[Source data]
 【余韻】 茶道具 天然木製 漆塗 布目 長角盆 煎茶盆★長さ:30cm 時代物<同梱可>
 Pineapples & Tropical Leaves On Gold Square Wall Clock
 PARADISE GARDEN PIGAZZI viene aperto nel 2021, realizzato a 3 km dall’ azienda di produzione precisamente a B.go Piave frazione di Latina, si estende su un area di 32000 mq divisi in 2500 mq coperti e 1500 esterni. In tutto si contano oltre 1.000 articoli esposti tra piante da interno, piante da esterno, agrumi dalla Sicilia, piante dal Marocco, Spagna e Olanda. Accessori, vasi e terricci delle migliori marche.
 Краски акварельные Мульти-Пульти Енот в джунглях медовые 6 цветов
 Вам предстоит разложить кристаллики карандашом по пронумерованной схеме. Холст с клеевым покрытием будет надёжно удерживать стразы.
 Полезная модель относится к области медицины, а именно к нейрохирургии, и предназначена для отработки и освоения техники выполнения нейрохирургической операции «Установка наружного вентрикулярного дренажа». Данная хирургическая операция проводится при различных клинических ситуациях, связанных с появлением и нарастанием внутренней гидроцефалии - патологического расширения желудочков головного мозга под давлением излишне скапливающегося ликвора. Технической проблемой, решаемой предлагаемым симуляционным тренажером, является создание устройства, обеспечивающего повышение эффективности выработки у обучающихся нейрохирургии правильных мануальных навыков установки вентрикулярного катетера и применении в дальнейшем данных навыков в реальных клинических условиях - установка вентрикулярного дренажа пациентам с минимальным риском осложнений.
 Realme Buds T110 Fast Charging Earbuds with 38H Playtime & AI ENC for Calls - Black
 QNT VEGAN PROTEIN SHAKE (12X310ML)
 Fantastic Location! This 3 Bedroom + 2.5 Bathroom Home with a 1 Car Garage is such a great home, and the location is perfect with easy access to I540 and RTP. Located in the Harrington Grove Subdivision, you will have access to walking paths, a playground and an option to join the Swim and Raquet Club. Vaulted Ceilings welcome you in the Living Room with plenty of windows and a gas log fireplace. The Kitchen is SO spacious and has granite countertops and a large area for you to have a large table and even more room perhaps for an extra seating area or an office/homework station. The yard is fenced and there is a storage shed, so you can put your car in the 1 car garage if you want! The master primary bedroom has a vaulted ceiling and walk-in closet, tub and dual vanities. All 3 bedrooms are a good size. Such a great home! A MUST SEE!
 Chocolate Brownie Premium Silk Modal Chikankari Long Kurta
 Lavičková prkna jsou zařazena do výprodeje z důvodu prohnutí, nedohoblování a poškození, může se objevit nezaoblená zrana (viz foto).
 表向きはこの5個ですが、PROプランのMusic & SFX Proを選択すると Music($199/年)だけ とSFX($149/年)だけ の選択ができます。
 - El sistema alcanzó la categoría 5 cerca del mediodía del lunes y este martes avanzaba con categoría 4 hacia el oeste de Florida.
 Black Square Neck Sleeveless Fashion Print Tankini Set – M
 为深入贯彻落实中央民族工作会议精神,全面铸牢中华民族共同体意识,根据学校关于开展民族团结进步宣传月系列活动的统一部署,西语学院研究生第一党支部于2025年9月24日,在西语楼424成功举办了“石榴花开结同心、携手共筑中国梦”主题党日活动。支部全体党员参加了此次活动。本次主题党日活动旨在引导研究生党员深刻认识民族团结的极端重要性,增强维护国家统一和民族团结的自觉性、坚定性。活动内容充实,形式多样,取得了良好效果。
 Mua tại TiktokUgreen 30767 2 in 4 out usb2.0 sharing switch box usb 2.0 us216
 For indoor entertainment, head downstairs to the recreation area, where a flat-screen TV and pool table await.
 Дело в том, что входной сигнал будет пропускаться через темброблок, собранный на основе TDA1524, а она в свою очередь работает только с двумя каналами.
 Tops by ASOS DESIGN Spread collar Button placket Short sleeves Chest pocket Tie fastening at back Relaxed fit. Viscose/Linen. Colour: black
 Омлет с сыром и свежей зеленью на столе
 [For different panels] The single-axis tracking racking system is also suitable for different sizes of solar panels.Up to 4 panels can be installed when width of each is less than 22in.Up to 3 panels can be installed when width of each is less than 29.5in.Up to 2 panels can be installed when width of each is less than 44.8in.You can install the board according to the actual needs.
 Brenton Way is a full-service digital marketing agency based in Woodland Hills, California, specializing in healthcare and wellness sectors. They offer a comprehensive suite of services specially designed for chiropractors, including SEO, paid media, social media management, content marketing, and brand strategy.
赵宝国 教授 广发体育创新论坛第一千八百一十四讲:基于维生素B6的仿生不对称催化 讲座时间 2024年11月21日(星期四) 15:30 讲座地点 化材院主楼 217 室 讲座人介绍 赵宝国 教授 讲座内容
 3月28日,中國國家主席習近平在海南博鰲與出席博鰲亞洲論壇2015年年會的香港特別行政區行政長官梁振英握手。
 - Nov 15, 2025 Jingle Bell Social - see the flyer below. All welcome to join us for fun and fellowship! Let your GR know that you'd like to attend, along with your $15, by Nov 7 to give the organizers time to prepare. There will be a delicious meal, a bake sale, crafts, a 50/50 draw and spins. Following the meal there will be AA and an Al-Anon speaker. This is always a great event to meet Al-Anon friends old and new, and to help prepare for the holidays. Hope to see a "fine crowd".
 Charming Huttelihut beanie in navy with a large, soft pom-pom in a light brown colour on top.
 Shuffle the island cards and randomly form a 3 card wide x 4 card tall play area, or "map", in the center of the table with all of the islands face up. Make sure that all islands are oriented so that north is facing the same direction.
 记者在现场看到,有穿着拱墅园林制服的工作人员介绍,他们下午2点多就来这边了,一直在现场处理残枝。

◆ **Exercise goal**
Go through the records above. Copy each line in which the string "Square" appears.

◆ **Response**
 Pineapples & Tropical Leaves On Gold Square Wall Clock
 Black Square Neck Sleeveless Fashion Print Tankini Set – M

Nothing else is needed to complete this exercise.